The Private Finance Initiative (PFI) has been subject to criticism in recent years for higher financing costs when compared with traditional publicly funded capital investment. The UK Government’s new Private Finance 2 (PF2) delivery model has sought to address key concerns with PFI, through a more transparent structure which allows visibility of when the wider benefits it offers (such as risk allocation to the private sector) justify the additional costs. Whilst PF2 targets new contracts, the UK Government has made a concerted effort to allow these improvements and those made before it to be applied to existing contracts. With £2.1bn of realised through this initiative to date, it is keen to maintain this momentum.

Government has a strong grasp of where benefits and drawbacks are provided by PFIs, with a diverse range of contracts now in place.
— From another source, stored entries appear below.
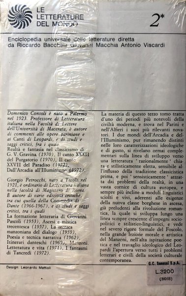 Soggetti: Letteratura italiana, Correnti letterarie, Autori, Critica letteraria, Manuali, Italianistica, Saggi, Libri Vintage, Fuori catalogo, Bibliografia, Opere generali, Narrativa, Romanzi, Romanzo storico, Settecento, ottocento, Illuminismo, Lumi, Scienza, Critici romantici, Poesia, Poetica, Raccolte poetiche, Canti, Impegno civile, Ugo Foscolo, Tragedie, Alessandro Manzoni, Promessi sposi, Risorgimento, Giacomo Leopardi, Lirica, Elegie, Classicismo, Borghesia, Ideologie, Patriottismo, Cultura, Mentalità, Salotti culturali, Studi, Minori, Estetica, Filosofia, Teatro, Drammaturgia, Diritto, Epistolario, Diciottesimo secolo, Grecia, Italian literature, Literary currents, Authors, Literary criticism, Manuals, Italian studies, Essays, Books out of print, Bibliography, General works, Fiction, Novels, Historical novel, 18th century, 19th century, Enlightenment, Science, Romantic critics, Poetry, Poetics, Poetic collections, Songs, Civil commitment, Tragedies, Lyric, Elegies, Classicism, Bourgeoisie, Ideologies, Patriotism, Culture, Mentality, Cultural salons, Studies, Minors, Aesthetics, Philosophy, Theater, Dramaturgy, Law, Epistolary, Eighteenth century, Greece
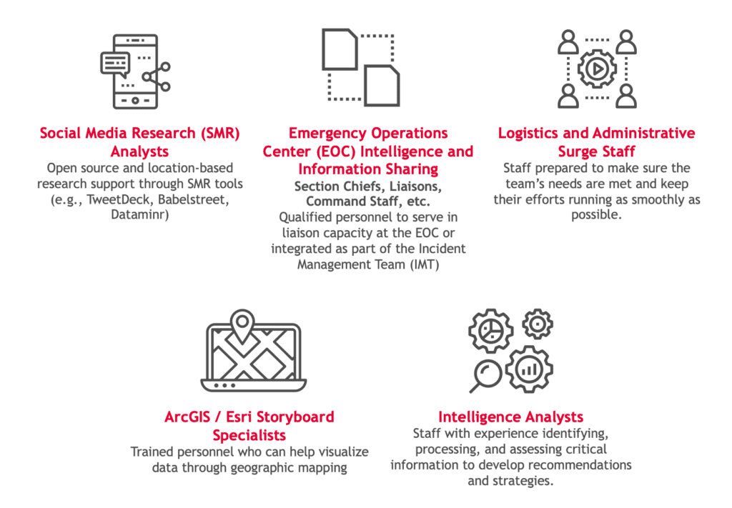 The public and private sector can call on the Hagerty Response Task Force (RTF). The Hagerty Response Task Force consists of a cadre of emergency managers and other professionals who are willing and able to respond to affected areas nation–wide. The Hagerty RTF can provide staffing surge support specifically to augment intelligence and information sharing through: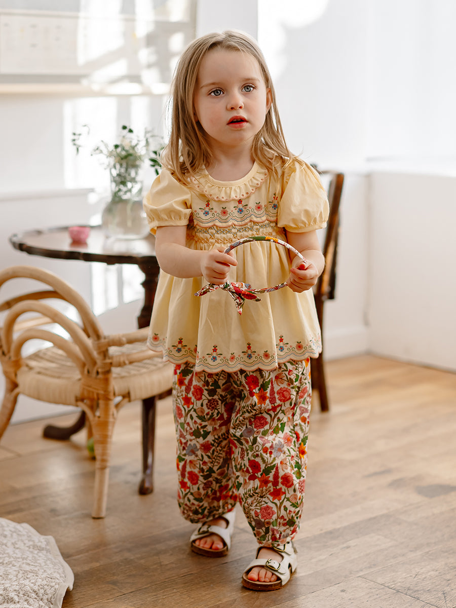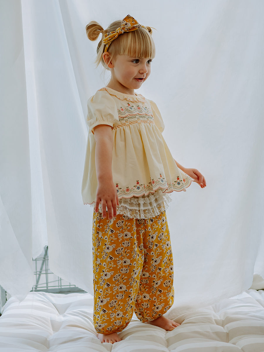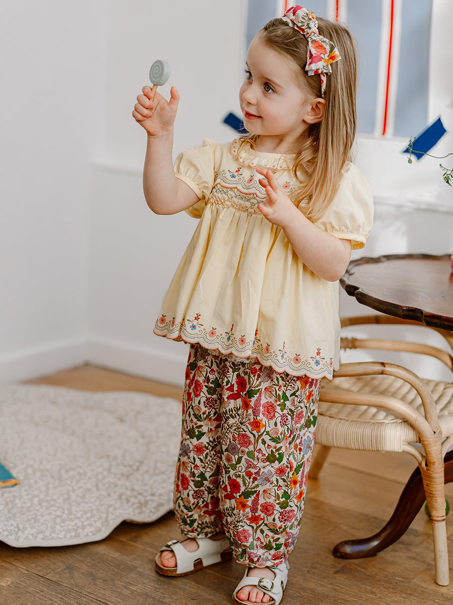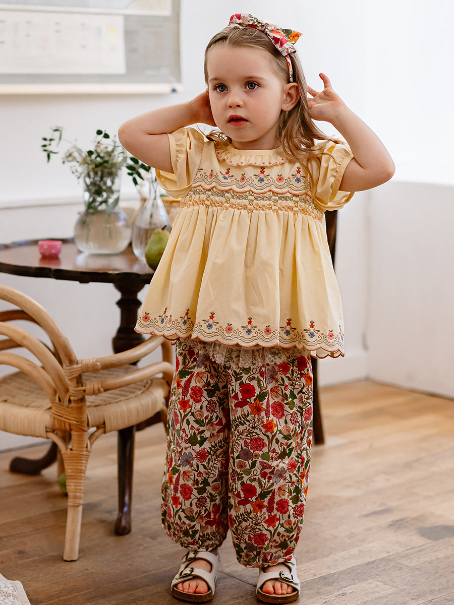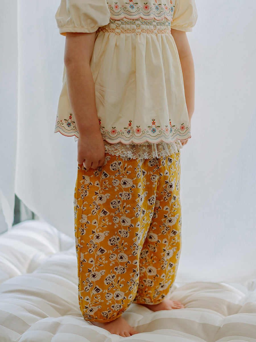 Valladolid Trousers, Happy Peony, Yellow

The standard contractual provisions underpinning most PFI arrangements (known as ‘Standardisation of PFI Contracts’) has been refined since its introduction, with its latest guise offering much greater flexibility in areas of concern to the public sector. By way of example, the removal of soft services from the scope of education private finance arrangements was driven from an understanding that the private sector derives a large proportion of profit from these arrangements, which were priced at a premium given the length of contract entered into (typically 25 – 30 years). Each PFI contract can benefit from being reviewed to identify areas for improvement, often informed by more recent developments in standardised contracts. Equally, many PFI contracts have refinancing mechanisms which can provide a significant decrease in costs, given the low interest rates now available across the infrastructure sector.
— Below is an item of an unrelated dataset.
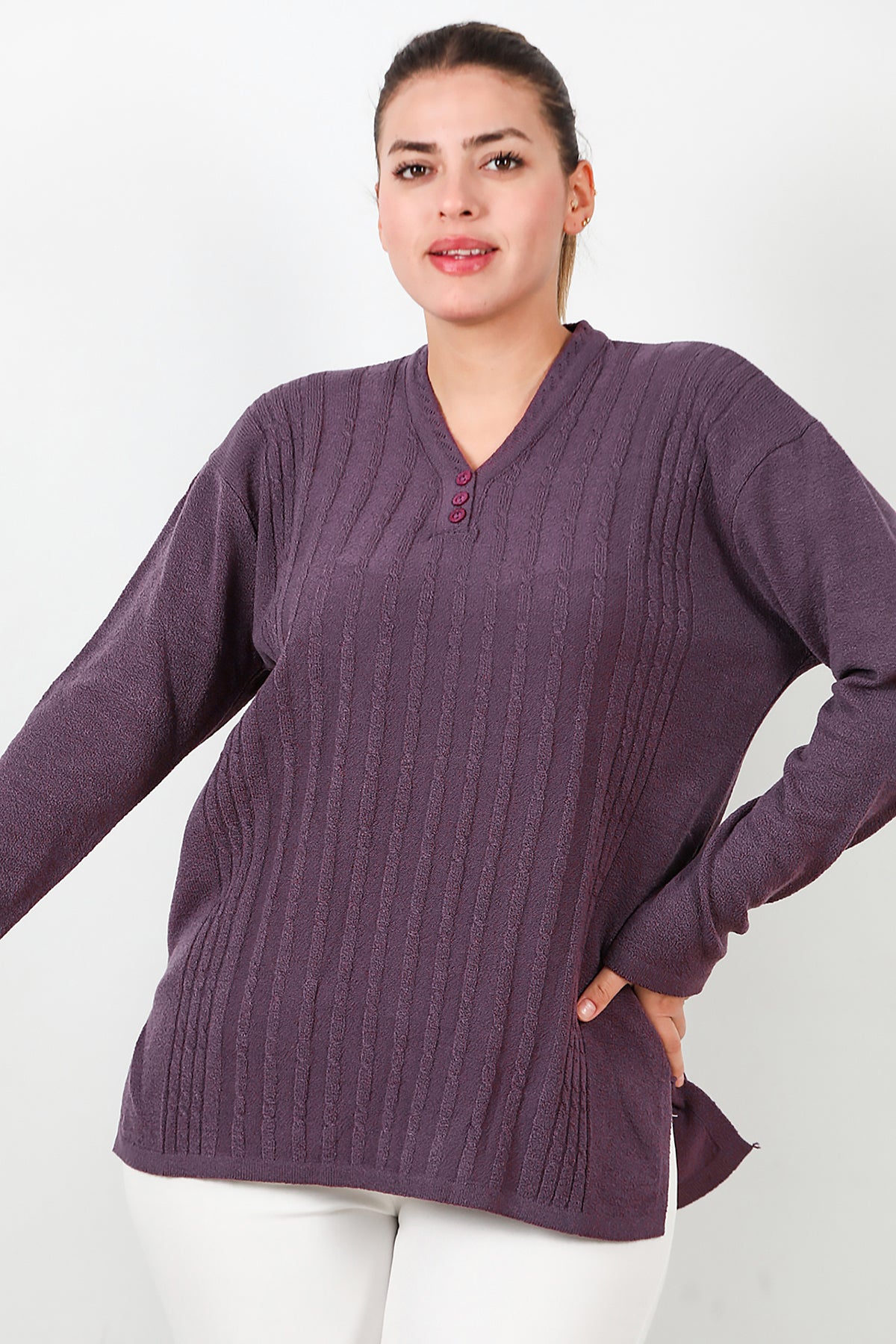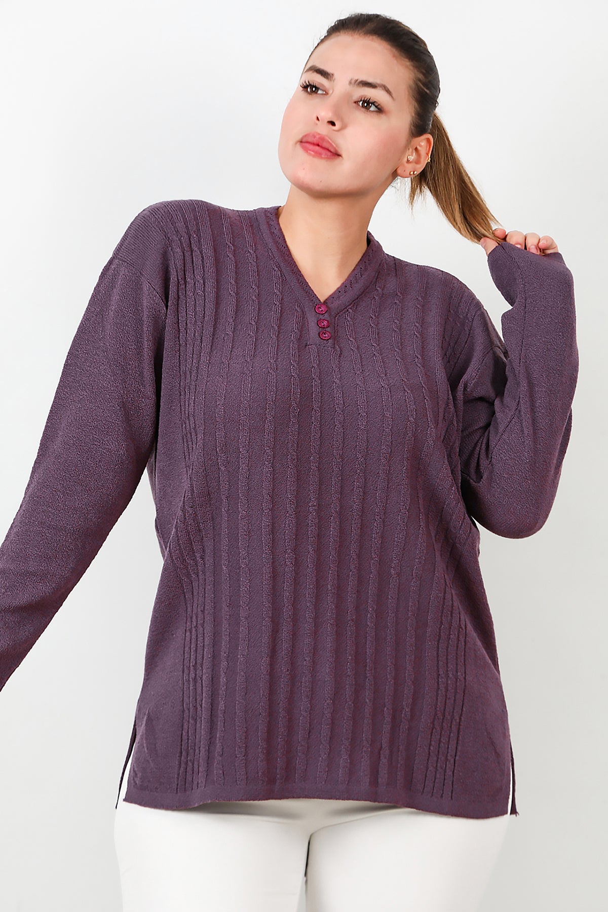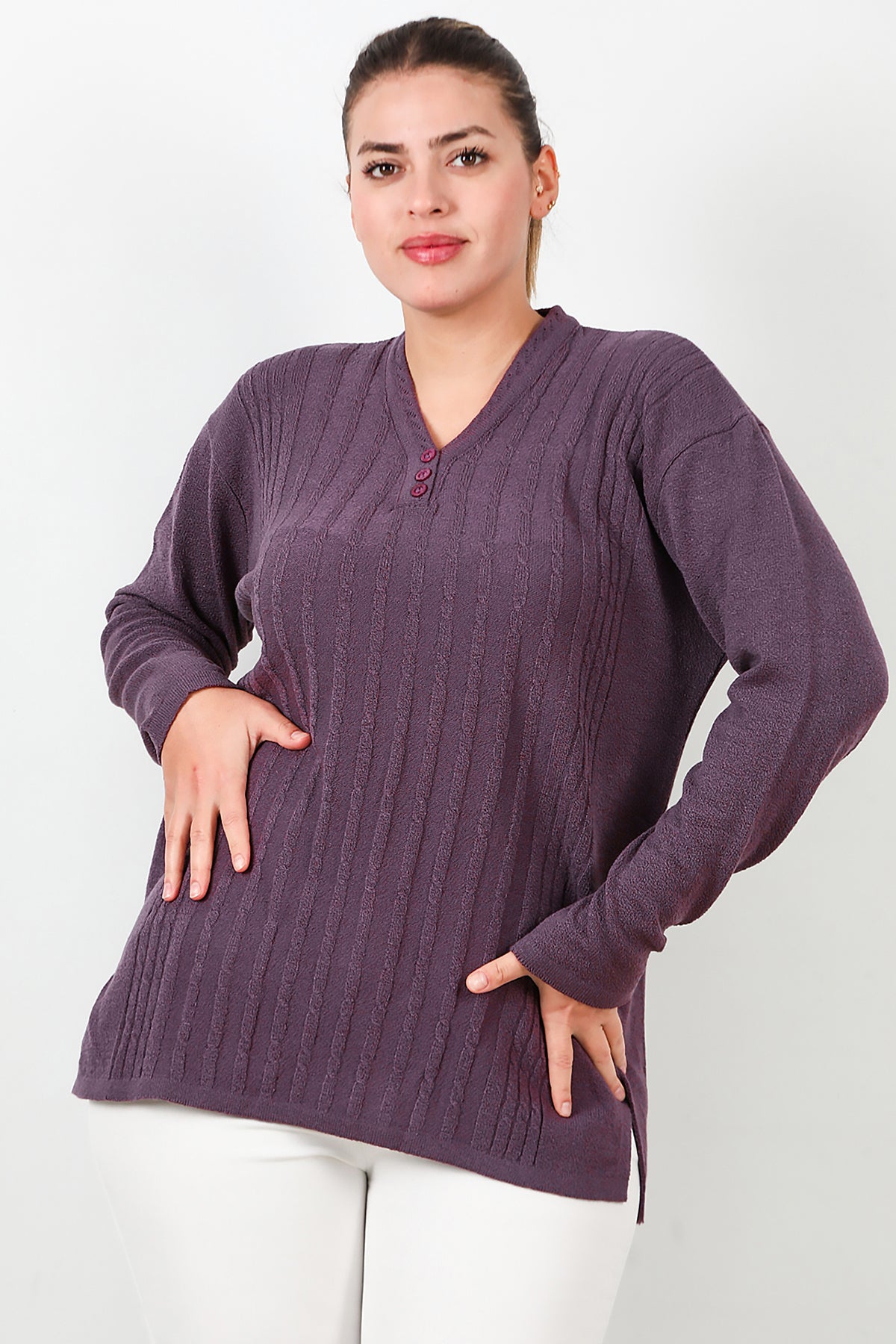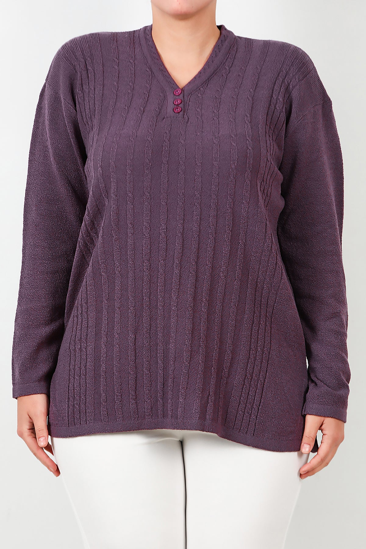 Büyük Beden V Yaka Üç Düğmeli Triko Bluz Açık Mor

The Operational PPP Efficiency Programme was created in 2012 to deliver savings worth £1.5bn. As this target has been exceeded, the programme is looking to achieve further savings of around £2bn through the deployment of lessons learned from PF2 and the savings already secured. Private finance should deliver value for money at all times; applying tools from the latest delivery models to existing contracts will allow this to be achieved.